The company believes that the most significant risk factors that could affect its financial performance in the near-term include (1) the impact of economic conditions on underlying demand for the company’s products; (2) the degree to which higher costs can be offset with productivity measures and/or passed on to customers through selling price increases, without a significant loss of volume; and (3) competitors’ actions, including pricing, expansion in key markets, and product offerings.

 

For a more detailed discussion of these and other factors, see “Risk Factors” and “Management’s Discussion and Analysis of Results of Operations and Financial Condition” in the company’s 2011 Form 10-K, filed on February 27, 2012 with the Securities and Exchange Commission, and subsequent quarterly reports on Form 10-Q. The forward-looking statements included in this document are made only as of the date of this document, and the company undertakes no obligation to update these statements to reflect subsequent events or circumstances.


LOGO

 

Use of Non-GAAP Financial Measures

This presentation contains certain non-GAAP financial measures as defined by SEC rules. Reconciliations of non-GAAP financial measures to the most directly comparable GAAP financial measures, including limitations associated with these non-GAAP financial measures, are provided in the financial schedules accompanying the earnings news release for the quarter, along with certain supplemental analysis provided in this document. (See Attachments A-2 through A-5 to news release dated July 24, 2012.)
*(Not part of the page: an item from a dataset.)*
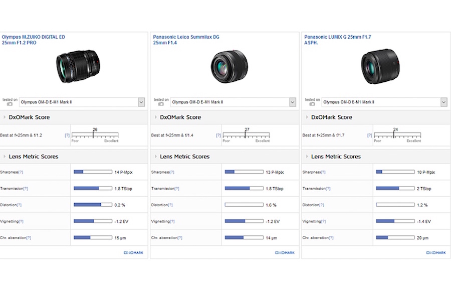 The Olympus 25mm f/1.2 boasts improved scores for sharpness and distortion compared to the Panasonic alternative. According to test results, the cons for the lens is expensive, noticeable chromatic aberration at wider apertures and lower resolution at f/1.2.

The company’s non-GAAP financial measures exclude the impact of certain events, activities or strategic decisions. The accounting effects of these events, activities or decisions, which are included in the GAAP financial measures, may make it difficult to assess the underlying performance of the company in a single period. By excluding certain accounting effects, both positive and negative, of certain items (e.g., restructuring costs, asset impairments, legal settlements, certain effects of strategic transactions and related costs, loss from debt extinguishments, loss from curtailment and settlement of pension obligations, gains or losses on sale of certain assets and other items), the company believes that it is providing meaningful supplemental information to facilitate an understanding of the company’s core operating results and liquidity measures. These non-GAAP financial measures are used internally to evaluate trends in the company’s underlying businesses, as well as to facilitate comparison to the results of competitors for a single period. While some of the items excluded from GAAP financial measures may recur, they tend to be disparate in amount, frequency, and timing.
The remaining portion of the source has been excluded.